- _ACTION ITEM_: Leave out the pictures and retype, exactly, the lines below from the line with "ZYHT 73849 European" up to and including the line with "Made from lightweight, durable", nothing more.

- _RECORDS FOR THE TASK_:
□ □ □ □ □ □ □
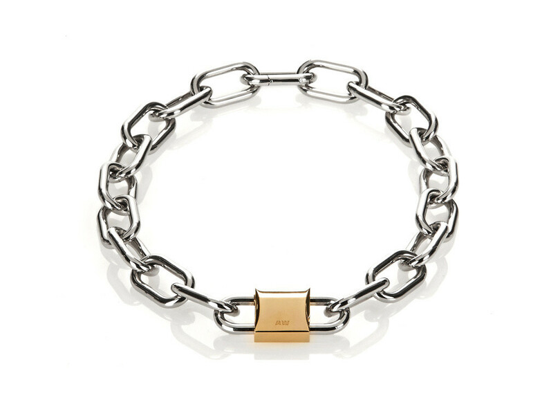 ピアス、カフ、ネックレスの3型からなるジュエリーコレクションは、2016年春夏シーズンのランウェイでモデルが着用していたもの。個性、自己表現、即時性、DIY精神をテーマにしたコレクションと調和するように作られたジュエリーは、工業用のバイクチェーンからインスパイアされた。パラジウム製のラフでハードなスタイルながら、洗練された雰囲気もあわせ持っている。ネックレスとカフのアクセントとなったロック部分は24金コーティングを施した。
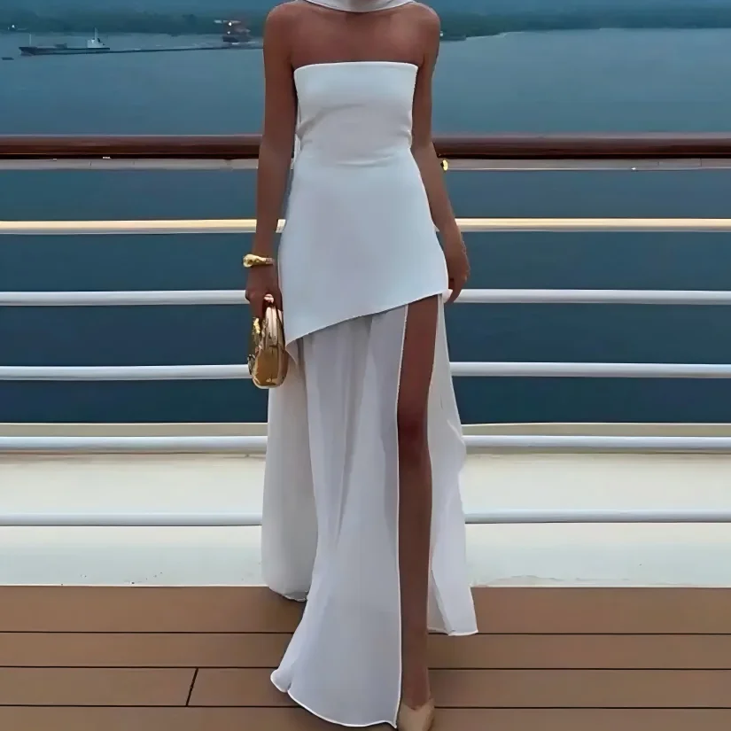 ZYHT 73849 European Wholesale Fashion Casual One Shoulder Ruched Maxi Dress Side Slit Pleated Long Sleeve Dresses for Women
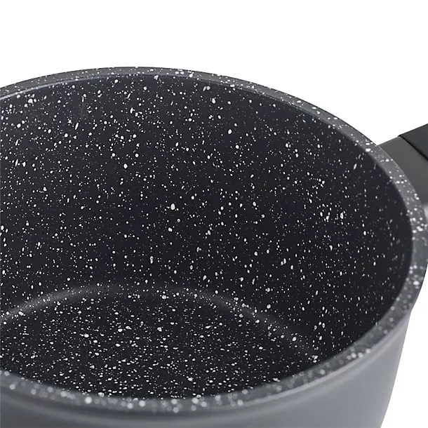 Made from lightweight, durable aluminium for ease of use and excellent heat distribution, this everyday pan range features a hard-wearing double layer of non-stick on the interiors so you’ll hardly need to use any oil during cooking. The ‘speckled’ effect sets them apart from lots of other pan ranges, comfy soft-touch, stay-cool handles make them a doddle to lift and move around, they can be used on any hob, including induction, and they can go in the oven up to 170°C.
□ □ □ □ □ □ □
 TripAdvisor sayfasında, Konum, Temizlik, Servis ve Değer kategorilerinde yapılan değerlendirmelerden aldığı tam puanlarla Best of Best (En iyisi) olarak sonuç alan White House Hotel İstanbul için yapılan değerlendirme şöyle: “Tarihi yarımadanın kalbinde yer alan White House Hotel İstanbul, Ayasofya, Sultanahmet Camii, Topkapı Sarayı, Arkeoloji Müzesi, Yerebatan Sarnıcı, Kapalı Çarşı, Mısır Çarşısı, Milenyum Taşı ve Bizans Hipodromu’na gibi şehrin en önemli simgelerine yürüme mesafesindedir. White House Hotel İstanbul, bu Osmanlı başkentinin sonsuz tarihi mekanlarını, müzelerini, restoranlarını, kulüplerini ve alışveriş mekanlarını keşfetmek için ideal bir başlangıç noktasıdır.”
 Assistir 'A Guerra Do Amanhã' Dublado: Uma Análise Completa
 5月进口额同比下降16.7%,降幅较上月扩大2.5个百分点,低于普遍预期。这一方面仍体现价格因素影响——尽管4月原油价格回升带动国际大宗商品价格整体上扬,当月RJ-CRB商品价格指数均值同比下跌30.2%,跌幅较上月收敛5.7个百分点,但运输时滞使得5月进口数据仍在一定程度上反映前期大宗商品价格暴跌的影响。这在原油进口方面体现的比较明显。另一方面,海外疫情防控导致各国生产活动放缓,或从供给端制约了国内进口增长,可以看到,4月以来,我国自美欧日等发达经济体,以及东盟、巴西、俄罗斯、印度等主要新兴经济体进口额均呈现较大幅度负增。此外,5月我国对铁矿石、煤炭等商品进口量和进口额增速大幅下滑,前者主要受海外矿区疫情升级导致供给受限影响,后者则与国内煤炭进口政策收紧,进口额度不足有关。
□ □ □ □ □ □ □
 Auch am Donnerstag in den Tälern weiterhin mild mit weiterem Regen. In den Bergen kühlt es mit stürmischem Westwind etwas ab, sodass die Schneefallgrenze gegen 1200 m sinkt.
□ □ □ □ □ □ □
- _WRITTEN ANSWER_:
 ZYHT 73849 European Wholesale Fashion Casual One Shoulder Ruched Maxi Dress Side Slit Pleated Long Sleeve Dresses for Women
 Made from lightweight, durable aluminium for ease of use and excellent heat distribution, this everyday pan range features a hard-wearing double layer of non-stick on the interiors so you’ll hardly need to use any oil during cooking. The ‘speckled’ effect sets them apart from lots of other pan ranges, comfy soft-touch, stay-cool handles make them a doddle to lift and move around, they can be used on any hob, including induction, and they can go in the oven up to 170°C.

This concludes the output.